*** Opening Data extracts ***

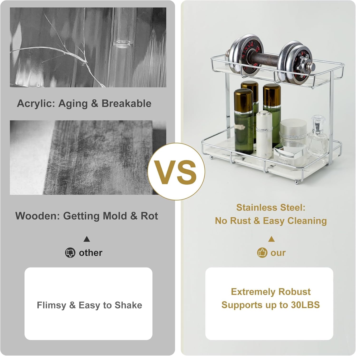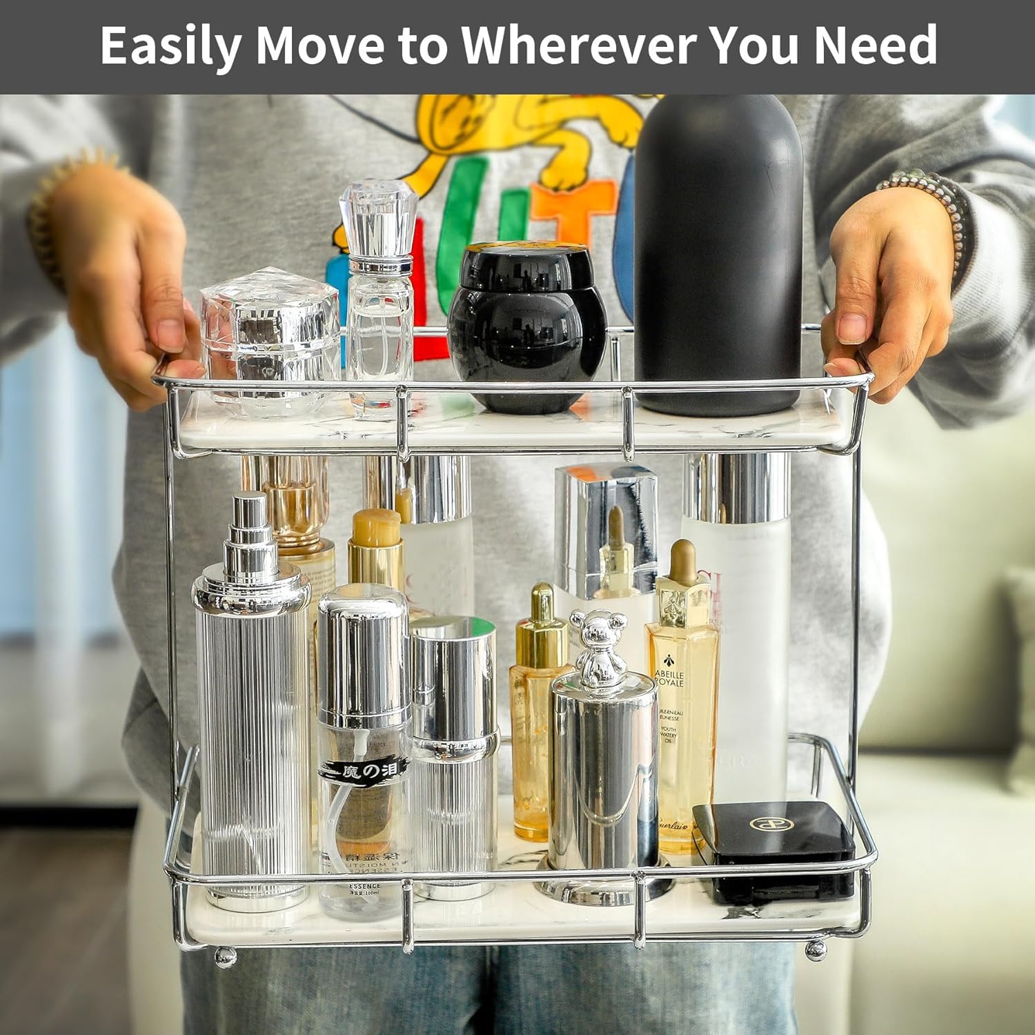 - EASY TO CLEAN: With a sturdy stainless steel frame that can prevent corrosion in wet places and removable ceramic trays with a luxurious marble pattern, this dresser top stand is both functional and easy to clean.
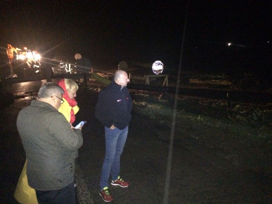 În prezent, la fața locului, se acționează cu 1 buldoexcavator, 1 unimog, 1 încărcător frontal, un cilindru compactor și 3 autobasculante care cară material pietros (piatră spartă) pentru refacerea rampelor distruse. Se estimează reluarea circulației rutiere în cursul zilei de astăzi (duminică), în funcție de condițiile meteo
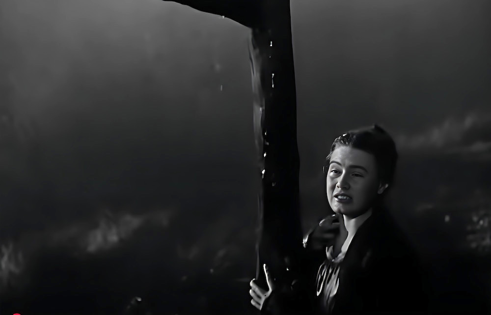 Two shots concerning Oliver’s mother, played by Josephine Stuart, as she struggles through the storm: Left: borne down by wind and rain: Right: the emblematic bramble that suggests her agony, outlined as an abstract form against a tumultuous sky.
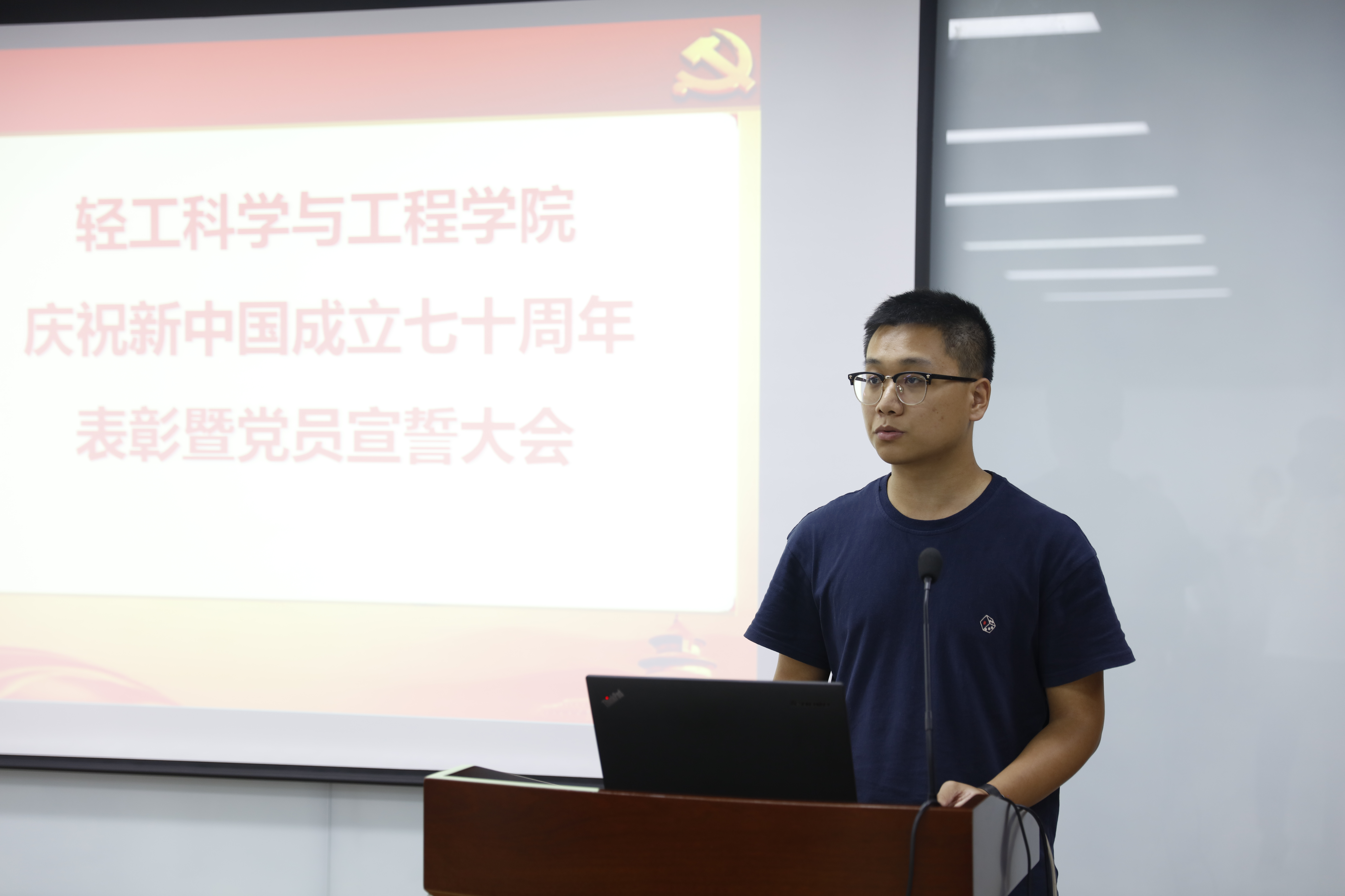 宣誓后,先进党支部-皮革教工支部支委陈玲同志上台发言,分享支部建设的经验和取得的成果;优秀学生党员代表郭浩从一名党员的标准谈及自身的发展,分享自己从一名普通学生到优秀共产党员的成长历程。
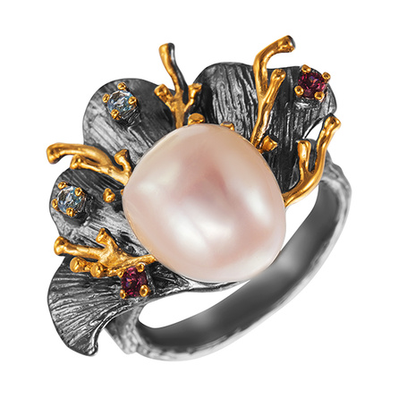 Кольцо из серебра 925 пробы с родолитами, топазами, перидотами и барочным жемчугом
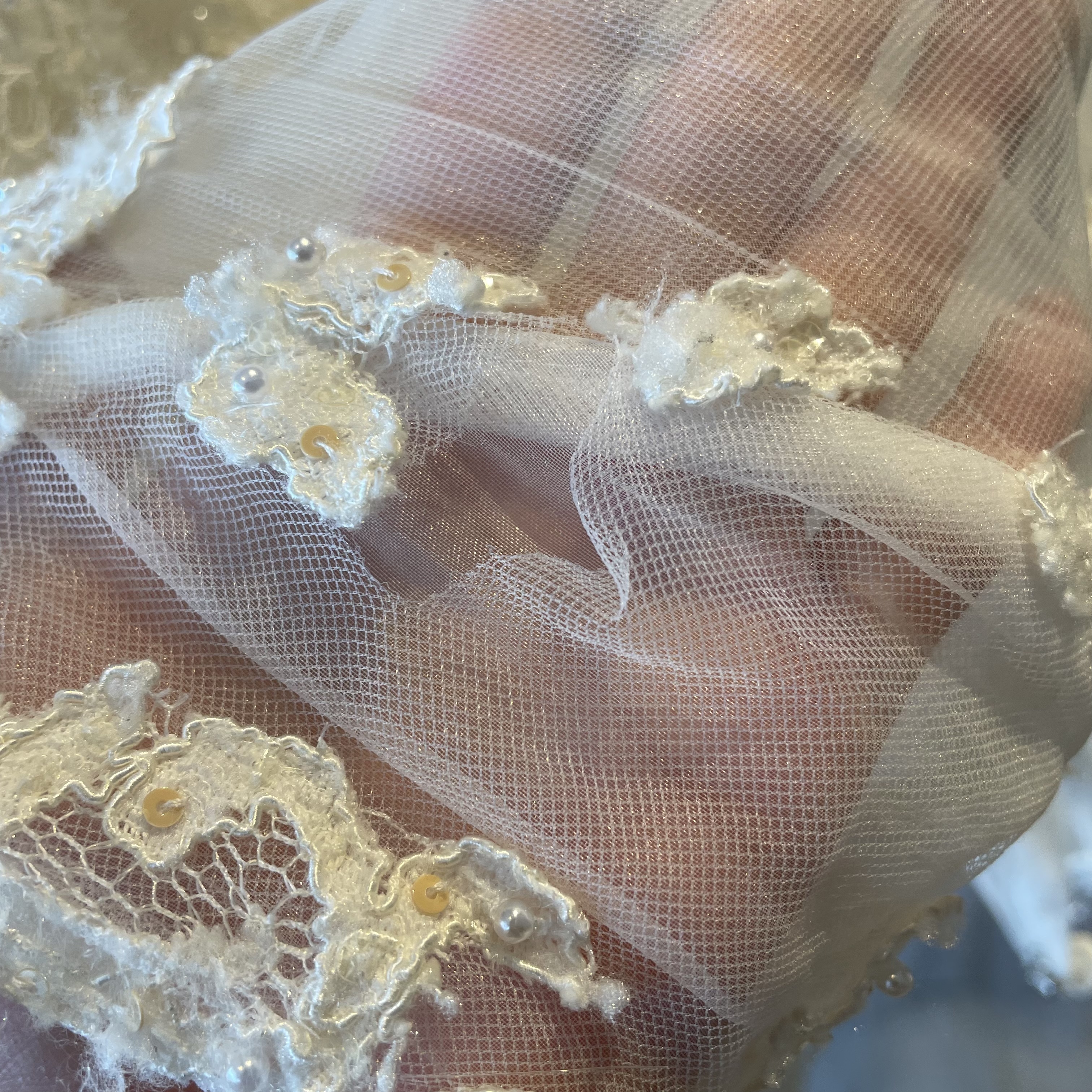 全体的に花柄が縫い付けられておりシンプル過ぎずオシャレな1枚でとても高級感があるアンクル丈のウェディングドレスです。
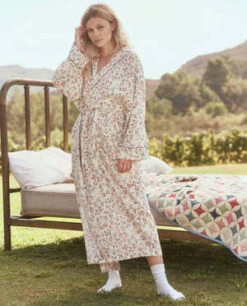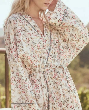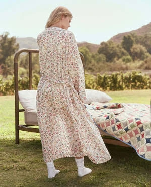 The Robe in Terrace Floral by The Great. is a vintage-inspired loungewear staple featuring an oversized fit with voluminous sleeves, contrast piping, and secure waist ties.
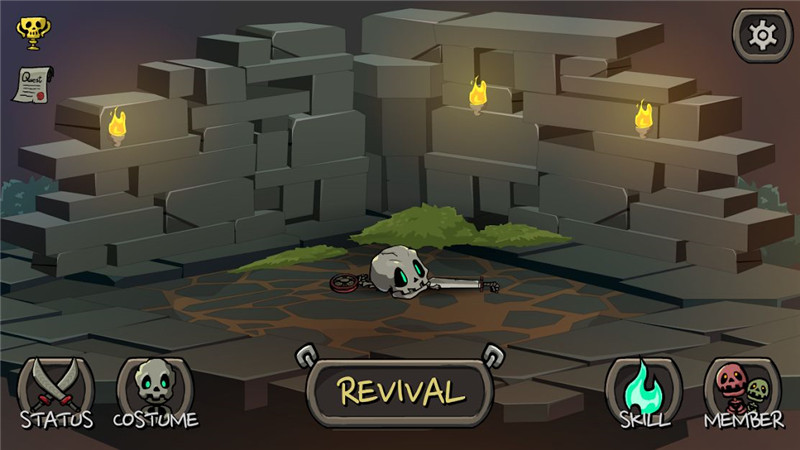 游戏采用创新的"复活成长"机制:开局时玩家控制的是一具支离破碎的骷髅遗骸,通过点击复活按钮开启冒险征程。战斗系统强调策略与操作并重,玩家需要在有限的生命值内完成指定作战目标。通过击败敌人可获得经验值用于提升基础属性,同时解锁包括旋风斩、骨刺突袭等30余种特色技能。游戏采用动态难度系统,随着玩家等级提升,会出现装备精良的人类骑士团、擅长魔法的牧师部队等强力敌人。
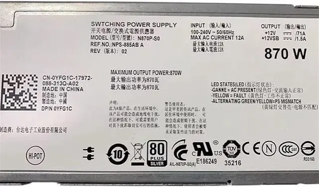 N870P-S0 A870P-00 0YFG1C 870W 12V 71A for R710 Server Power Supply NPS-885AB A YFG1C 7NVX8 07NVX8
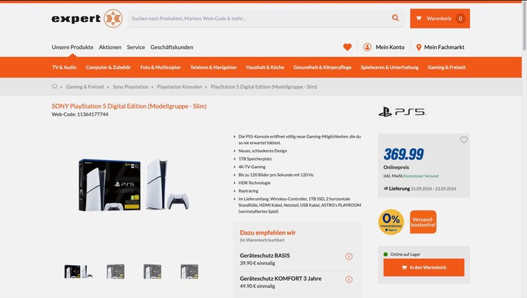 Für 369 Euro ergibt sich ein durchaus attraktives Preis-Leistungs-Verhältnis für die PlayStation 5 Slim Digital Edition, denn die Xbox Series X ist aktuell nicht unter 489 Euro zu finden. Die PlayStation 5 wird in jedem Fall mit einem DualSense-Controller und mit einer 1 TB fassenden SSD ausgeliefert, der Speicher kann durch eine handelsübliche M.2-SSD erweitert werden.
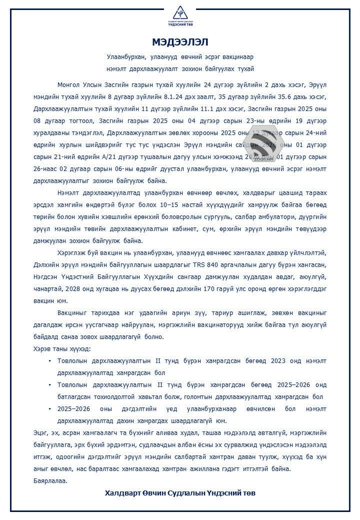 Улаанбурхан өвчин нь халдварлалт өндөртэй ч вакцинаар сэргийлэгдэх боломжтой халдварт өвчин юм. Улаанбурхан өвчний эсрэг вакцинд хамрагдсан тухай мэдээллээ өрх, сумын эрүүл мэндийн төвдөө очин цахим бүртгэлийн программд бүртгүүлээрэй. Хэрвээ улаанбурханы эсрэг вакцинд хамрагдаагүй хоцорсон бол хамрагдан өөрийгөө болон бусдыг улаанбурхан өвчнөөс хамгаалаарай.
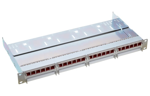 Metal patch panel with integrated cable tieshelf. Ready for all HD inserts (copper / FO).
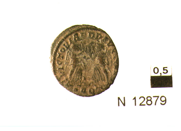 R/ busto drappeggiato corazzato e diademato di imperatore a destra; V/ due vittorie volte l'una verso l'altra sorreggono uno scudo,

*** Closing Data extracts ***

◆ Your instructions ◆
Without including any picture, retype the entries exactly.

◆ Solution to this task ◆
 - EASY TO CLEAN: With a sturdy stainless steel frame that can prevent corrosion in wet places and removable ceramic trays with a luxurious marble pattern, this dresser top stand is both functional and easy to clean.
 În prezent, la fața locului, se acționează cu 1 buldoexcavator, 1 unimog, 1 încărcător frontal, un cilindru compactor și 3 autobasculante care cară material pietros (piatră spartă) pentru refacerea rampelor distruse. Se estimează reluarea circulației rutiere în cursul zilei de astăzi (duminică), în funcție de condițiile meteo
 Two shots concerning Oliver’s mother, played by Josephine Stuart, as she struggles through the storm: Left: borne down by wind and rain: Right: the emblematic bramble that suggests her agony, outlined as an abstract form against a tumultuous sky.
 宣誓后,先进党支部-皮革教工支部支委陈玲同志上台发言,分享支部建设的经验和取得的成果;优秀学生党员代表郭浩从一名党员的标准谈及自身的发展,分享自己从一名普通学生到优秀共产党员的成长历程。
 Кольцо из серебра 925 пробы с родолитами, топазами, перидотами и барочным жемчугом
 全体的に花柄が縫い付けられておりシンプル過ぎずオシャレな1枚でとても高級感があるアンクル丈のウェディングドレスです。
 The Robe in Terrace Floral by The Great. is a vintage-inspired loungewear staple featuring an oversized fit with voluminous sleeves, contrast piping, and secure waist ties.
 游戏采用创新的"复活成长"机制:开局时玩家控制的是一具支离破碎的骷髅遗骸,通过点击复活按钮开启冒险征程。战斗系统强调策略与操作并重,玩家需要在有限的生命值内完成指定作战目标。通过击败敌人可获得经验值用于提升基础属性,同时解锁包括旋风斩、骨刺突袭等30余种特色技能。游戏采用动态难度系统,随着玩家等级提升,会出现装备精良的人类骑士团、擅长魔法的牧师部队等强力敌人。
 N870P-S0 A870P-00 0YFG1C 870W 12V 71A for R710 Server Power Supply NPS-885AB A YFG1C 7NVX8 07NVX8
 Für 369 Euro ergibt sich ein durchaus attraktives Preis-Leistungs-Verhältnis für die PlayStation 5 Slim Digital Edition, denn die Xbox Series X ist aktuell nicht unter 489 Euro zu finden. Die PlayStation 5 wird in jedem Fall mit einem DualSense-Controller und mit einer 1 TB fassenden SSD ausgeliefert, der Speicher kann durch eine handelsübliche M.2-SSD erweitert werden.
 Улаанбурхан өвчин нь халдварлалт өндөртэй ч вакцинаар сэргийлэгдэх боломжтой халдварт өвчин юм. Улаанбурхан өвчний эсрэг вакцинд хамрагдсан тухай мэдээллээ өрх, сумын эрүүл мэндийн төвдөө очин цахим бүртгэлийн программд бүртгүүлээрэй. Хэрвээ улаанбурханы эсрэг вакцинд хамрагдаагүй хоцорсон бол хамрагдан өөрийгөө болон бусдыг улаанбурхан өвчнөөс хамгаалаарай.
 Metal patch panel with integrated cable tieshelf. Ready for all HD inserts (copper / FO).
 R/ busto drappeggiato corazzato e diademato di imperatore a destra; V/ due vittorie volte l'una verso l'altra sorreggono uno scudo,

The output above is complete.